# Provided data
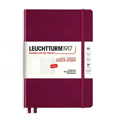 LEUCHTTURM1917 367686 Weekly Planner & Notebook Medium (A5) 2024, 18 months, Port Red, English
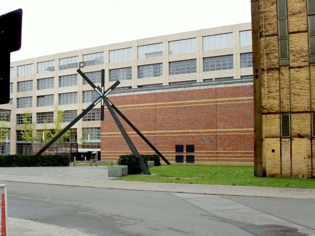 Im Raum wird ein Ort durch drei sich kreuzenden Linien eindeutig beschrieben. In dieser Weise wird die räumliche Mitte dieses kleinen Gebietes gekennzeichnet. In einer Übertragung aus der Welt der Pläne wird hier in der realen Welt ein Ort festgelegt. Drei zueinander rechtwinklig angelegte Stahlstäbe kreuzen sich an dem definierten Ort im Raum über dem Platz. Diese Mitte ist durch einen ergänzenden, kurzen vertikalen Stab im Kreuzungspunkt der Träger visuell nach unten auf den Grund projiziert.
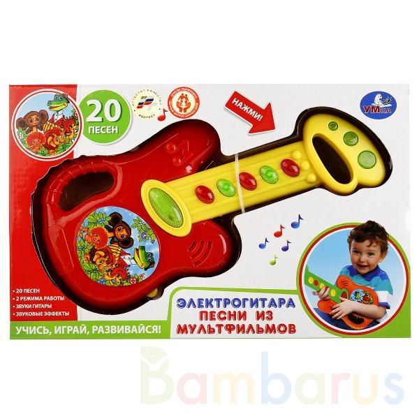 Детская электрогитара "УМКА" - это развивающая музыкальная игрушка, которая поможет раскрыть музыкальные способности ребёнка. Корпус выполнен из лёгкого пластика, гитару удобно держать детскими ручками. Игрушка имеет 2 режима работы - проигрывает песни и воспроизводит звуки гитары. Нажимая на разноцветные кнопочки, ребёнок сможет прослушать 20 песен из любимых мультфильмов. Подпевая им, малыш представит себя в роли настоящего гитариста, выступающего на сцене.
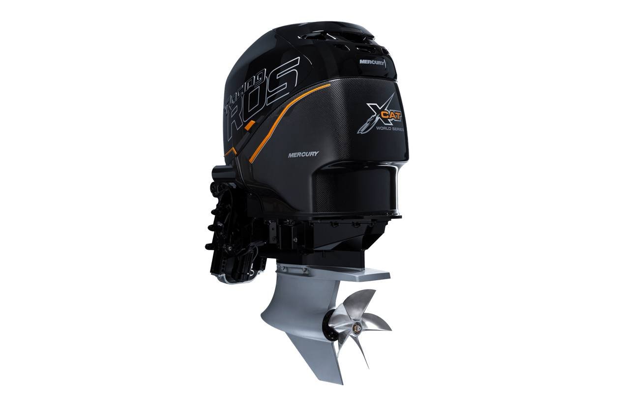 Upon the heels of the highly successful Verado 400R outboard is its sinister competition relative, the Mercury Racing 400 ROS (Race Offshore). The 400 ROS features the 400R powerhead mounted on an all-new race midsection, featuring the competition proven Mercury Racing heavy-duty swivel clamp bracket assembly. A Sport Master gearcase transfers the 400 ROS’s massive power to the water. And to ensure every revolution counts, Mercury Racing has developed an all-new line of CNC cleaver propellers specifically for the 400 ROS.
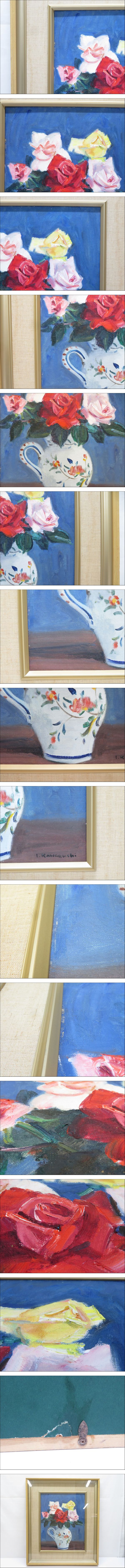 ◆◇【真作】 川口雄男 「ルーアン壺のバラ」 油彩画 静物画 ルーアン壷 薔薇 直筆サイン 額装 額寸/約61cm×約52cm◇◆ 收藏

# Aim of the task
What is needed here is each line above set down word for word, minus the images.

# The answer
 LEUCHTTURM1917 367686 Weekly Planner & Notebook Medium (A5) 2024, 18 months, Port Red, English
 Im Raum wird ein Ort durch drei sich kreuzenden Linien eindeutig beschrieben. In dieser Weise wird die räumliche Mitte dieses kleinen Gebietes gekennzeichnet. In einer Übertragung aus der Welt der Pläne wird hier in der realen Welt ein Ort festgelegt. Drei zueinander rechtwinklig angelegte Stahlstäbe kreuzen sich an dem definierten Ort im Raum über dem Platz. Diese Mitte ist durch einen ergänzenden, kurzen vertikalen Stab im Kreuzungspunkt der Träger visuell nach unten auf den Grund projiziert.
 Детская электрогитара "УМКА" - это развивающая музыкальная игрушка, которая поможет раскрыть музыкальные способности ребёнка. Корпус выполнен из лёгкого пластика, гитару удобно держать детскими ручками. Игрушка имеет 2 режима работы - проигрывает песни и воспроизводит звуки гитары. Нажимая на разноцветные кнопочки, ребёнок сможет прослушать 20 песен из любимых мультфильмов. Подпевая им, малыш представит себя в роли настоящего гитариста, выступающего на сцене.
 Upon the heels of the highly successful Verado 400R outboard is its sinister competition relative, the Mercury Racing 400 ROS (Race Offshore). The 400 ROS features the 400R powerhead mounted on an all-new race midsection, featuring the competition proven Mercury Racing heavy-duty swivel clamp bracket assembly. A Sport Master gearcase transfers the 400 ROS’s massive power to the water. And to ensure every revolution counts, Mercury Racing has developed an all-new line of CNC cleaver propellers specifically for the 400 ROS.
 ◆◇【真作】 川口雄男 「ルーアン壺のバラ」 油彩画 静物画 ルーアン壷 薔薇 直筆サイン 額装 額寸/約61cm×約52cm◇◆ 收藏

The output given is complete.